%%

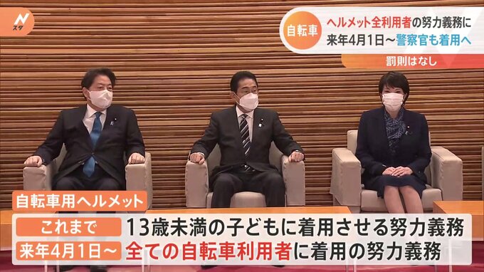 すべての自転車利用者に対しヘルメット着用の努力義務を課す、改正道交法が来年4月1日から施行されることになりました。事故の際のリスクを軽減させるヘルメット、着用は浸透するのでしょうか。「こちらがヘルメッ…
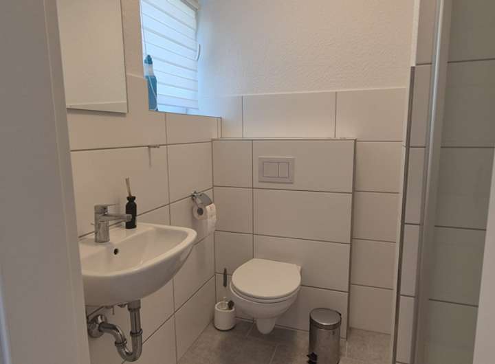 Die intelligente Grundrissgestaltung setzt sich im gesamten Haus fort. Im Erdgeschoss finden Sie neben dem Wohnbereich ein weiteres Zimmer, das sich ideal als Arbeits- oder Gästezimmer anbietet, sowie ein modernes Badezimmer mit ebenerdiger Dusche. Ein praktischer Hauswirtschaftsraum bietet zusätzlichen Komfort.
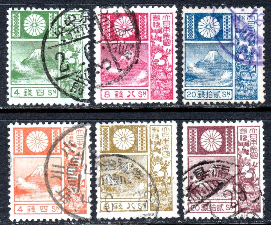 富士鹿 旧版・旧版改色6種完(希少な旧版改色8銭を含む),裂けや薄れの無い良品
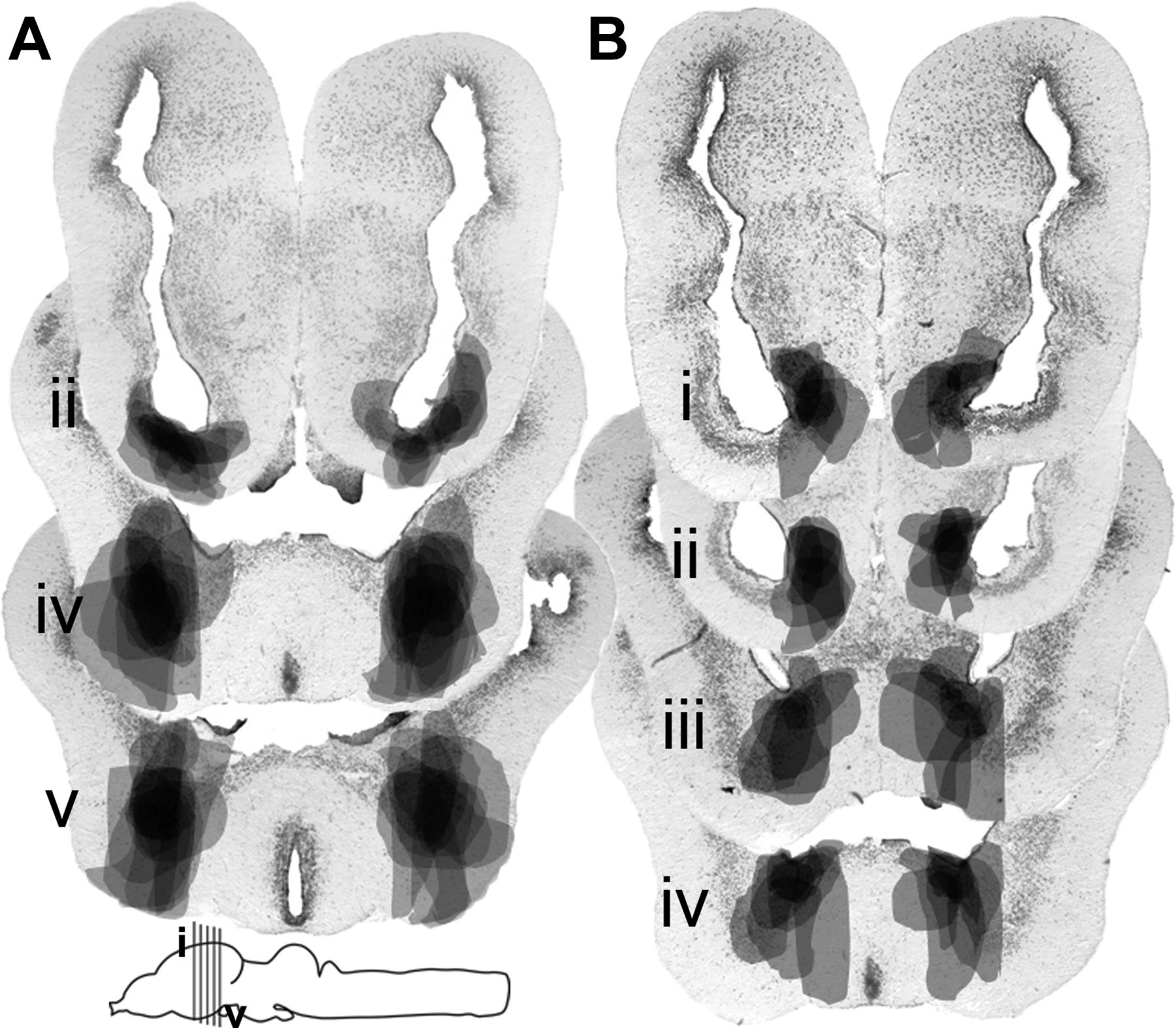 Figure 6. Transverse sections through the X. laevis forebrain at the level of the CeA and BNST. Electrolytic lesion sites for (A) the CeA (n = 12) and (B) the BNST (n = 9) were traced, colored gray, and overlain. Inset, Schematic of a sagittal view of the frog brain (rostral left) with vertical lines indicating the approximate level of the sections. |
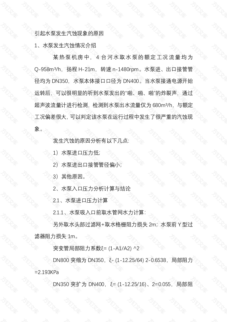 引起水泵发生汽蚀现象的原因1、水泵发生汽蚀情况介绍某热泵机房中,4台河水取水泵的额定工况流量均为Q-958m3/h,扬程H-21m,转速n-1480rpm。水泵进、出口接管管径均为DN350,水泵本体接口口径为DN400。当水泵接通电源开始运转后,可以很明显的听到水泵发出的“啪、啪、啪"的炸裂声,通过超声波流量计进行检测,检测到水泵出水流量仅为60m3h,与额定工况偏差很大,可以判定该水泵在运行过程中发生了很严重的汽蚀现象。发生汽蚀的原因分析有以下几点:1)水泵进口压力低:水泵进出口接管管径偏小;方订3)其他原因。方2、水泵入口压力分析计算与结论2.1、水泵进口压力计算2.1.1、水泵吸入口前取水管网水力计算另外取水头部过滤网+取水格栅阻力损失2,水泵前Y型过滤器阻力损失1m。突变管局部阻力系数ξ=(1-A1/A2)A2DN800突缩为DN350,-(1-12.25/64)2-0.6538,局部阻力=2.193KPaDN350突扩为DN400,=(1-12.25/16)、2=0.055,局部阻0.186KPa弯头、三通的局部水损取沿程水损的30%综上计算:水泵若正常开启运行后,从取水口至水泵吸入口总水损=(0.676+0.072)X1.3+2+1+0.238=4.21m2.1.2、水泵进口压力:河水水位实测黄海高程为0.54知,水泵吸入口实测高程为5.32m,大气压力10m。水泵吸入口之前压力P=10+0.54-(-5.32)-4.21-11.65m2.1.3、水泵的必需汽蚀余量NPSHr根据厂家提供取水泵选型资料,查得本项目取水泵的性能特性曲线,在额定工况下,可知该水泵的必需汽蚀余量为6m。2.2、水的汽化压力计算根据安托尼方程lgP-A-B/(T+C)河水温度为30C时A=7.07406,B=1657.46,C=227.02可计算出夏季30℃的河水的汽化压力为4.219KPa。2.3、计算分析结论根据上述计算,考虑水体汽化压力0.42m并附加0.3m的安全值,只需保证水泵进口压力大于6.72m,实际的进口压力为11.65m,水泵进口压力能满足水泵必须汽蚀余量的要求。水泵进口压力低不是造成本项目取水发生汽蚀的主要原因。水泵进出口按管管径计算分析水泵进出口管径均为DN350,外径377mm,壁厚8mm,理论流量958m3/h,实际流量680m3/h。在流量为958m3h情况下,管道内水体流速为2.60m/s在流量为680mh情况下,管道内水体流速为1.85m/s。根据《现代泵技术手册》中水泵设计要求:当水泵吸口。口径小于DN250时,水泵吸口前管段水体流速宜控制在1.0-1.6m/s之间:当水泵吸口口径大于等于DN250时,水泵吸口前管段水体流速宜控制在1.2-2.0m/s。某热泵机房取水泵进出口口径均为DN400,按上述要求,该取水泵吸入口前管段水体流速宜控制在1.2-2.0m/s之间,而实际流速为2.6m/s,因此取水泵前后管径偏小是造成本项目发生汽蚀的重要原因。4、其他原因分析4.1、水体中气体含量较大某热泵机房水源水来自其北面的蟒蛇河,蟒蛇河为淡水河水体中氧气、二氧化碳等气体含量较多。在其流经水泵吸入口后,由于水泵吸入口至水泵叶轮叶片处压力降低,气体溶解度降低,气体析出,并且在叶片入口附。近液体压力最低处,甚至形成局部的真空部分水体汽化,加重汽蚀并使得水泵出水量降低。4.2、突缩管及突扩管河水从DN600引水管汇入机房内DN800的集水管内,再由DN350的支管引水至DN400的水泵吸入口,水在突缩管及突扩管中流动时都会产生局部的死区,导致水泵抽水量不足,从而形成汽蚀。
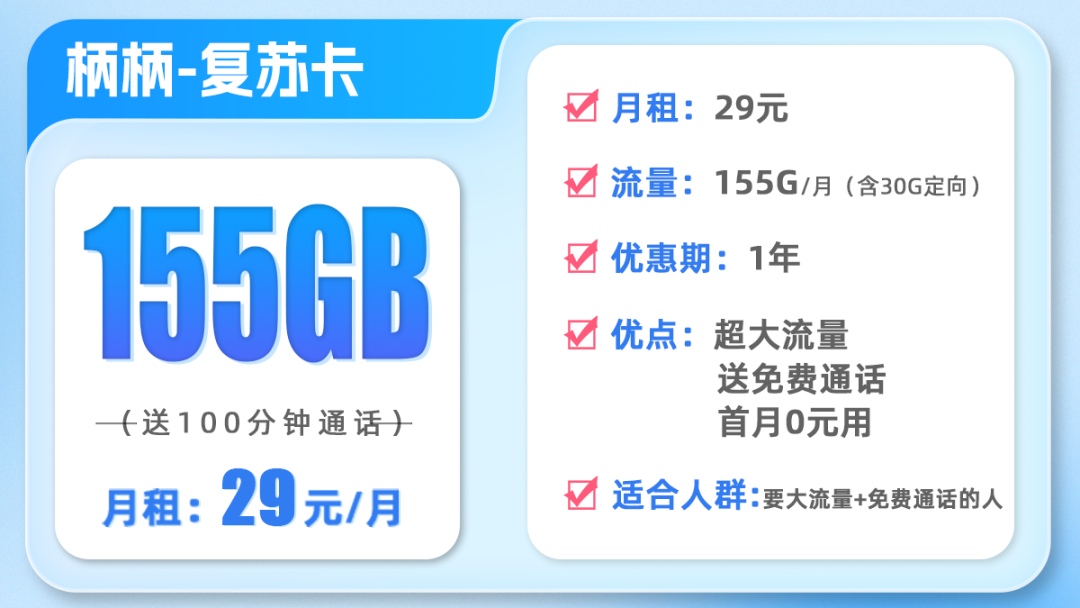 复苏卡有155G,在线下营业厅起码要179元才能办到这个套餐。29元/月能用一年,已经是运营商能放出的较大羊毛了。
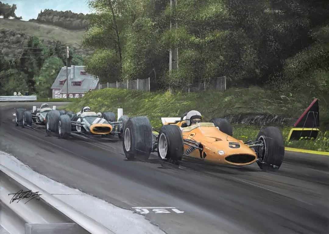 1969年,迈凯伦车队包揽该赛季CanAm赛事全部11场的桂冠,布鲁斯获得年度冠军。

%%

Work required:
Transcribe the entries from their first line to the line that holds "Figure 6. Transverse", both included, and skip every picture.

Solved problem:
 すべての自転車利用者に対しヘルメット着用の努力義務を課す、改正道交法が来年4月1日から施行されることになりました。事故の際のリスクを軽減させるヘルメット、着用は浸透するのでしょうか。「こちらがヘルメッ…
 Die intelligente Grundrissgestaltung setzt sich im gesamten Haus fort. Im Erdgeschoss finden Sie neben dem Wohnbereich ein weiteres Zimmer, das sich ideal als Arbeits- oder Gästezimmer anbietet, sowie ein modernes Badezimmer mit ebenerdiger Dusche. Ein praktischer Hauswirtschaftsraum bietet zusätzlichen Komfort.
 富士鹿 旧版・旧版改色6種完(希少な旧版改色8銭を含む),裂けや薄れの無い良品
 Figure 6. Transverse sections through the X. laevis forebrain at the level of the CeA and BNST. Electrolytic lesion sites for (A) the CeA (n = 12) and (B) the BNST (n = 9) were traced, colored gray, and overlain. Inset, Schematic of a sagittal view of the frog brain (rostral left) with vertical lines indicating the approximate level of the sections. |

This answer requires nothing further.